High cost of production milks dairy sector

Muzorewa said, among other efforts, the association was engaging financiers such as CBZ Bank and AFC Bank to provide facilities for dairy farmers at reasonable costs to promote on-farm grown feeds.

THE Zimbabwe Association for Dairy Farmers (ZADF) says it is putting in place a number of measures to reduce production costs for dairy farmers.

“Major cost drivers in the sector are stockfeed and finance costs,” ZADF chairperson Enerst Muzorewa told NewsDay Business this week.

“Stockfeed actually constitutes about 70% of total production costs. ZADF has been encouraging farmers to rely more on farm feed production and formulations.”

Muzorewa said, among other efforts, the association was engaging financiers such as CBZ Bank and AFC Bank to provide facilities for dairy farmers at reasonable costs to promote on-farm grown feeds.

He added that ZADF had also been engaging nutritionists to assist farmers with on-farm feed formulations.
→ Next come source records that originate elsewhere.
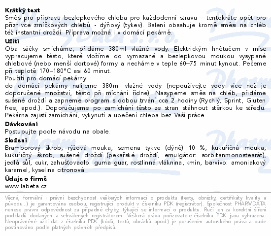 Směs pro přípravu bezlepkového chleba pro každodenní stravu – tentokráte opět pro příznivce zrníčkových chlebů - dýňový (tykev). Balení obsahuje kromě směsi na chléb též instantní droždí. Příprava možná i v domácí pekárně.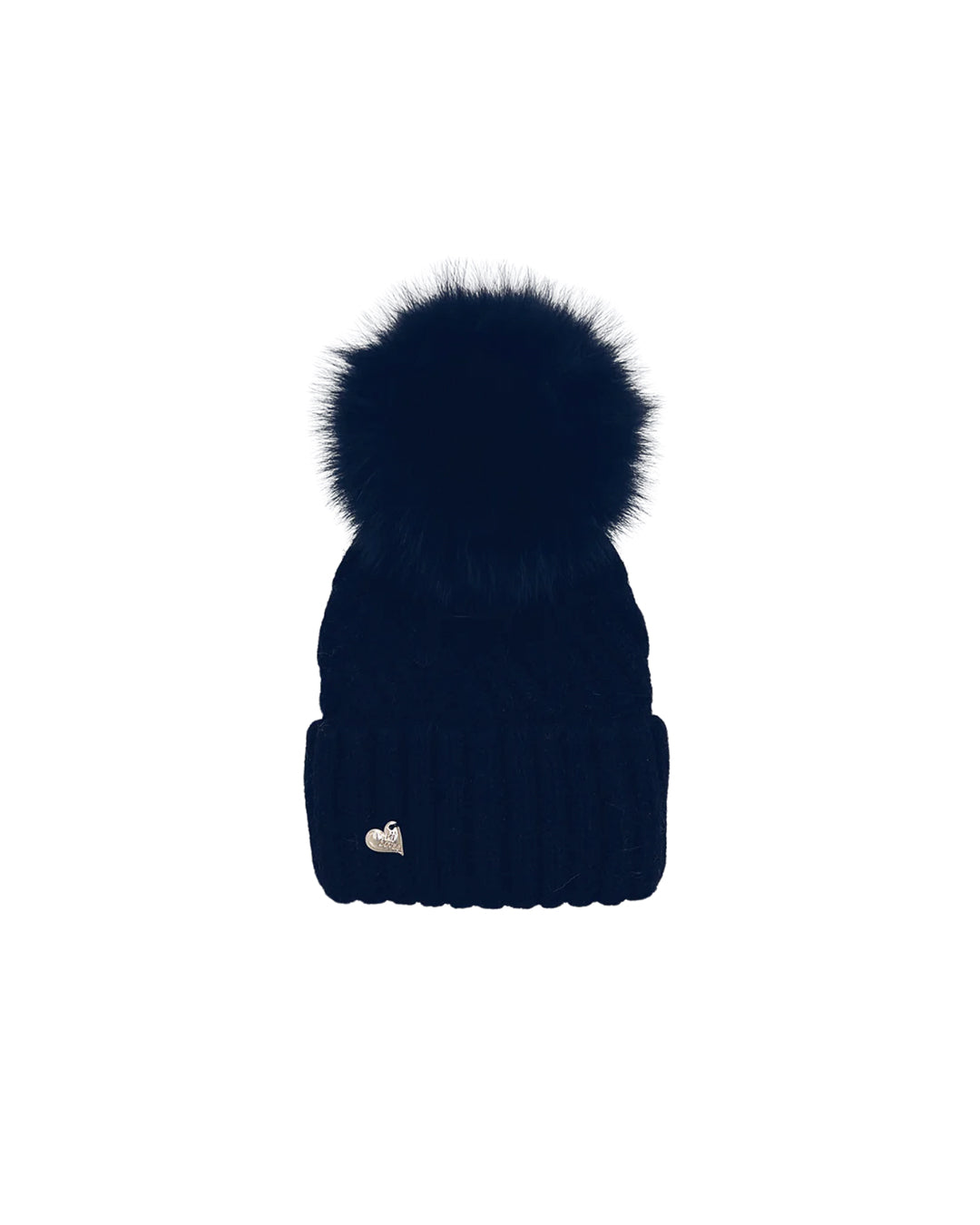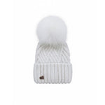 · Features a classic cable-knit design with a folded brim for extra warmth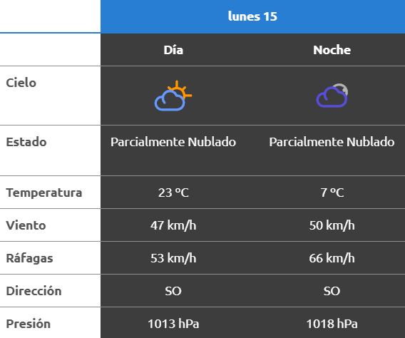 De acuerdo al parte del Servicio Meteorológico Nacional, el clima se presentaría sin lluvias, y los vientos del sudoeste correrán a una velocidad de entre 42 y 50 kilómetros por hora. La humedad sería del 47 por ciento, y la visibilidad sería buena.
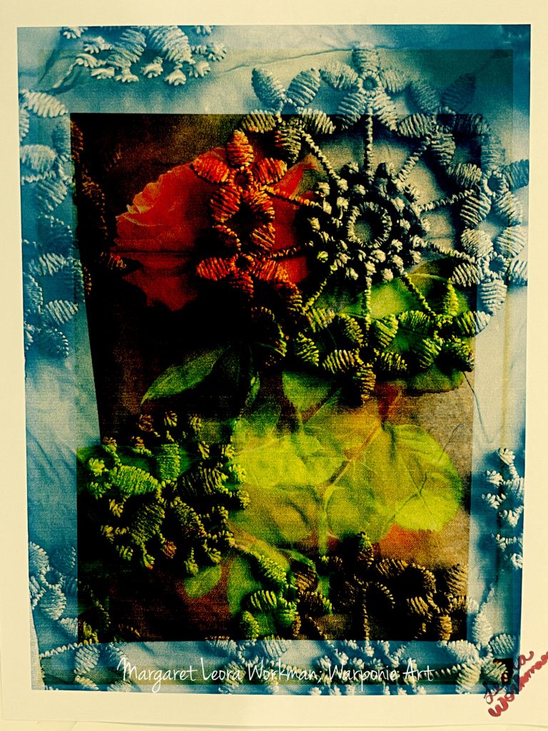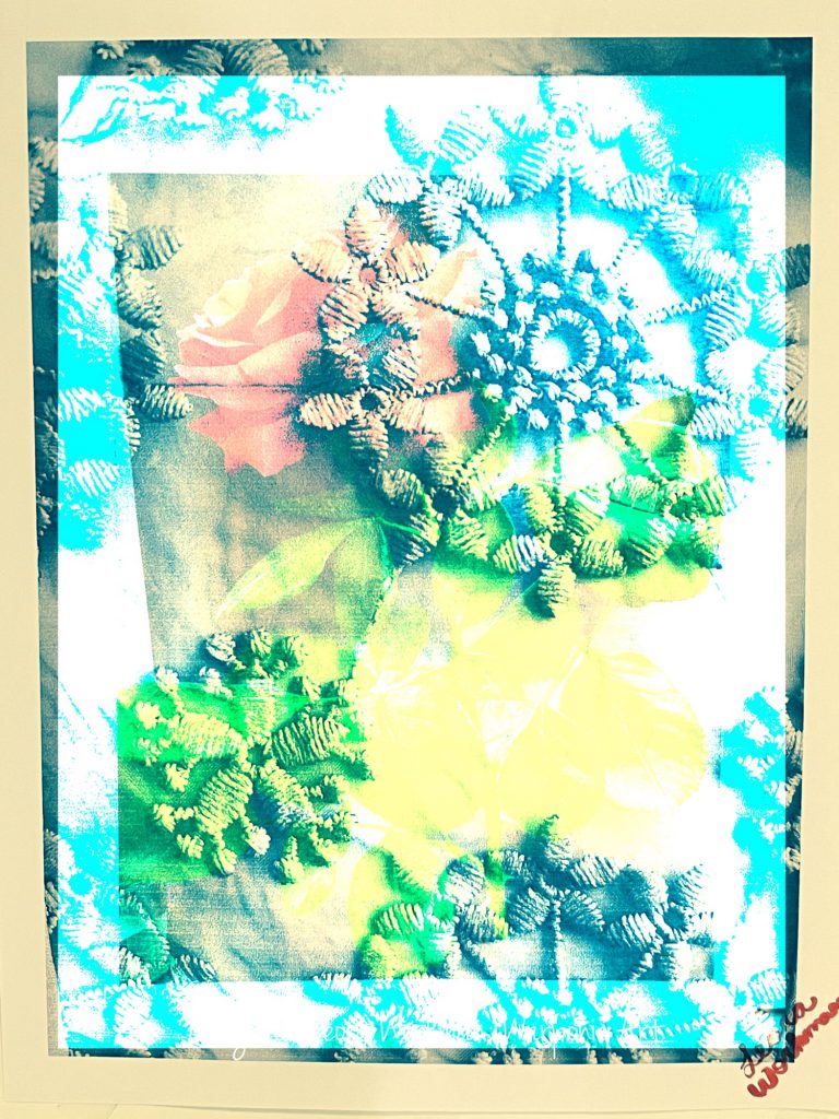 The bottom two pictures are separate pictures that I took. I put them together in phonto. Just choose the bottom picture and sometimes if you choose a different color for the bottom picture the picture that you add on top will be a different color. So then click on the bottom left icon and choose add item. Choose a pic to add. It will be small but you can change the size. Click on the small picture click blend, click a choice and you can keep clicking on choices to get different colors for the top pic. When you add text you can only click on the bottom picture to add text, then resize the top picture to what you want. All of the pictures above are the same two pictures and added in the same order but I just picked some of the choices that they had.

“ZADF, through the TRANZDVC (Transforming Zimbabwe’s Dairy Value Chain for the Future) project, which aims to address the problem, has been providing subsidised semen to dairy farmers to promote growth of the sector through use of the right genetics,” he said.
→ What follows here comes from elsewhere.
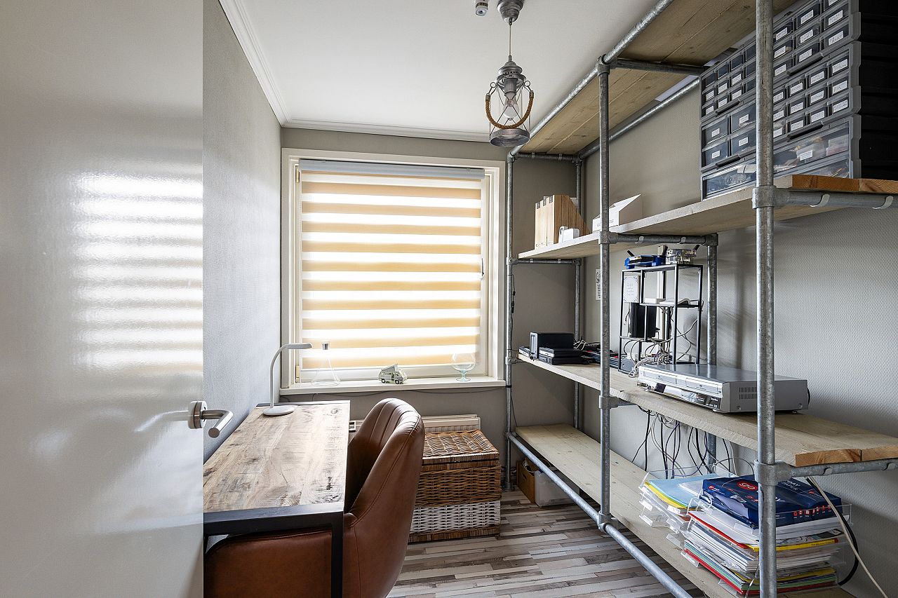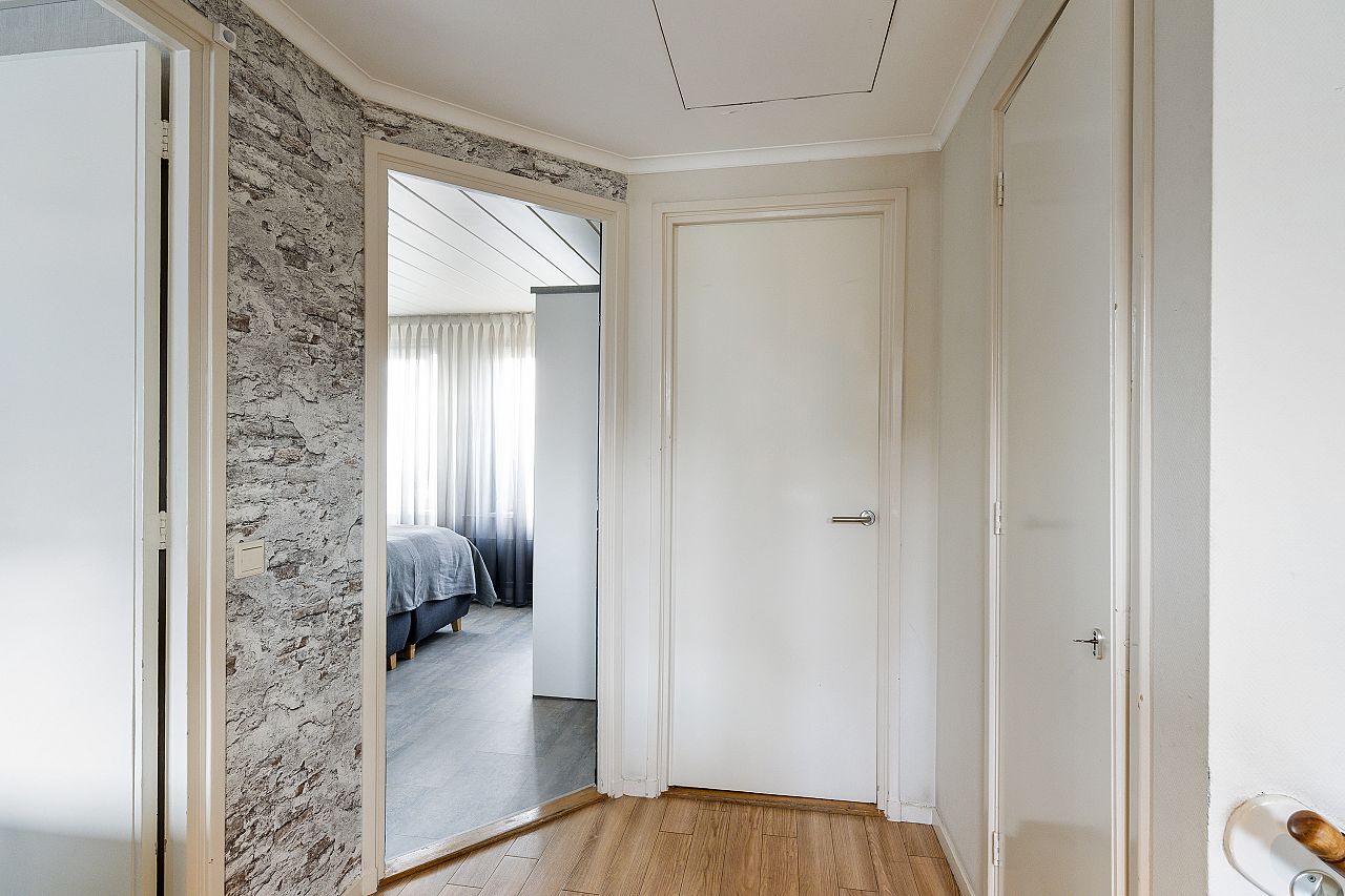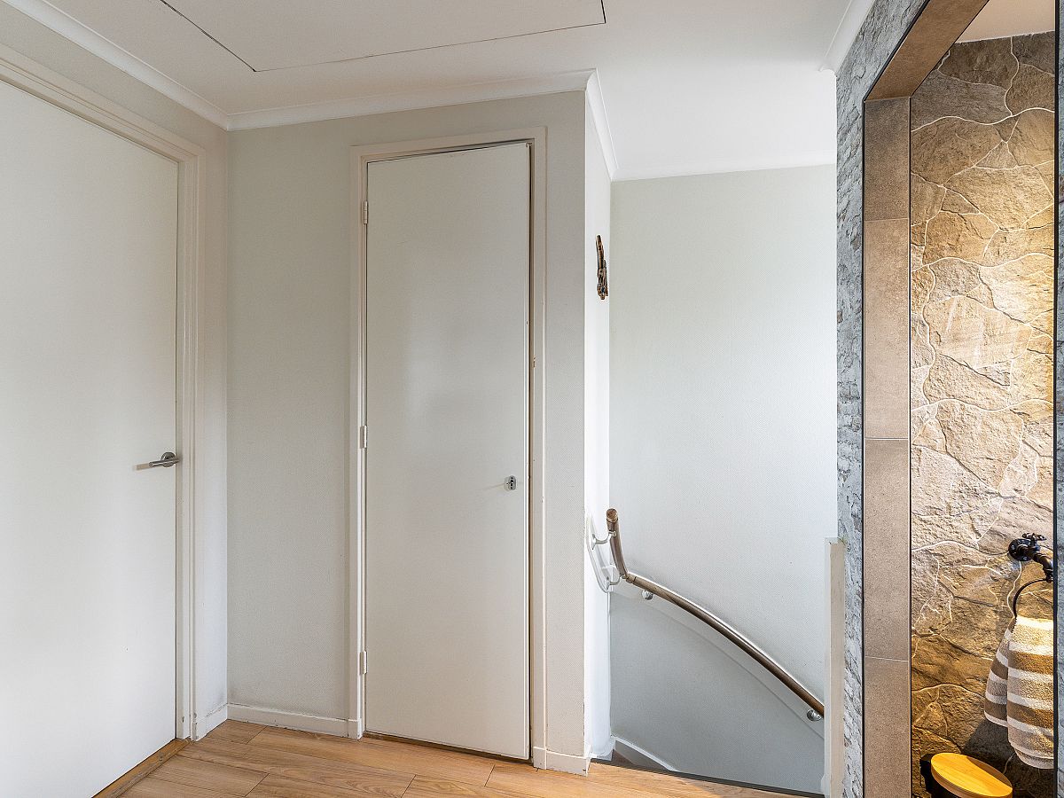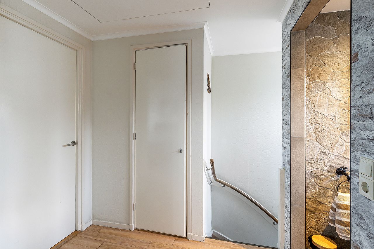 overloop met vaste kast alwaar de wasmachine aansluiting en de cv combiketel (Vaillant 2013); de badkamer is licht met vloerverwarming en voorzien van douchehoek, badkamermeubel, 2e toilet, inbouwspots en in 2025 vernieuwd; voorslaapkamer in gebruik als werkkamer; achter/ouderslaapkamer en 2e achterslaapkamer met vaste kast; deze verdieping is geheel voorzien van pvc laminaatvloeren, kunststof kozijnen met dubbel glas en electrische rolluiken.

“ZADF has been engaging government and policymakers to negotiate for reduced costs of compliance for farmers.”

The organisation also continuously engages financiers negotiating for reasonable cost of borrowing for farmers.

Meanwhile, milk production for the first seven months of the year increased to 54,2 million litres compared to 51,2 million litres produced during the same period last year. Milk production has, however, been increasing at a rate lower than projections made for the year, due to various factors affecting productivity.
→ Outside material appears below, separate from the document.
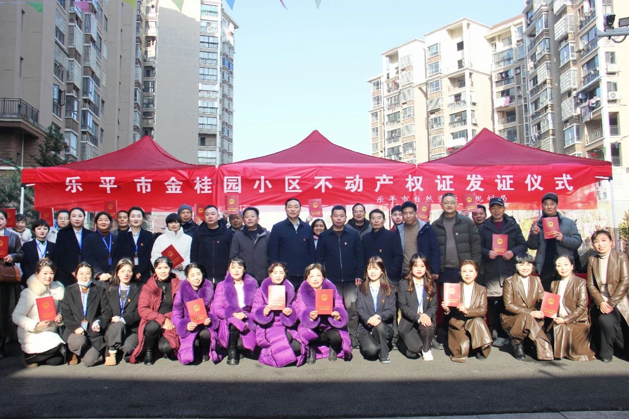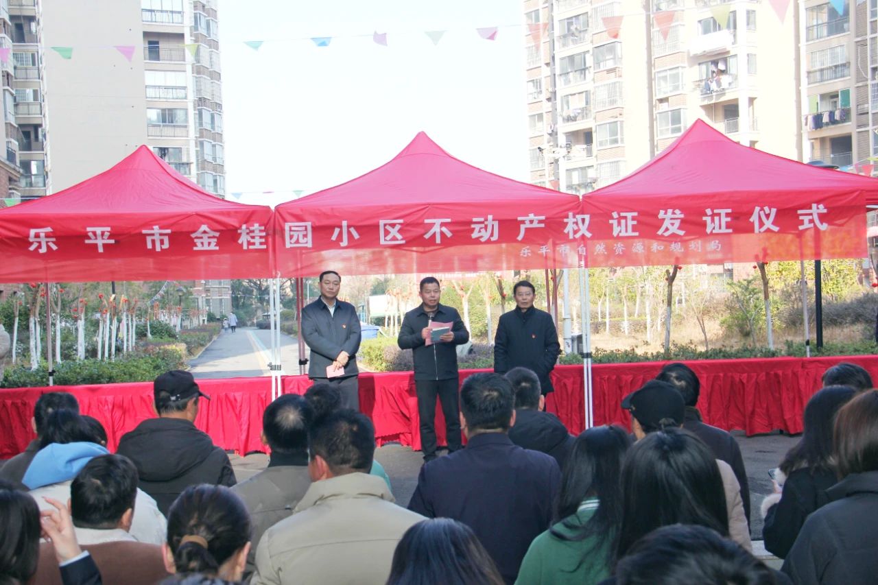 祥龙辞旧去,金蛇迎春来。1月27日上午,乐平市自然资源和规划局在金桂园小区举行不动产权登记证书发放仪式,局党组书记、局长王光真主持仪式并讲话,局领导徐志华、江国金,机关相关部门、第三党支部全体党员,金桂园小区业主代表参加仪式。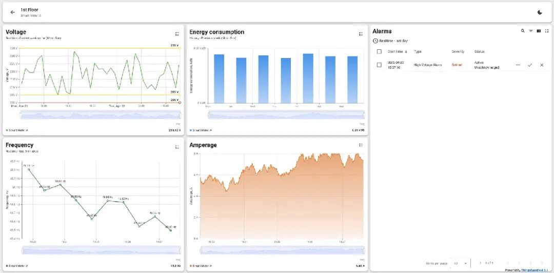 采用可扩展、高容错架构,稳定采集并存储设备遥测数据。内置丰富可视化组件+自定义小部件,灵活搭建实时仪表盘,支持客户权限共享,数据展示不局限于简单图表,工业监控、设备状态、能耗分析等场景均可适配。

“Failure to access expected funding on time under the 5% milk levy facility that was aimed at increasing herd size affected production as well as the unstable macroeconomic environment in the first half of the year characterised by high inflation and rapid depreciation of the local currency against the United States dollar resulting in high production costs against unfavourable milk prices which were pegged in local currency,” he said.

Muzorewa bemoaned erratic power supply during the first quarter of this year which affected the cold chain, resulting in huge milk losses along the supply chain.

Incessant rains also stressed dairy animals, resulting in reduced yields and widespread diseases.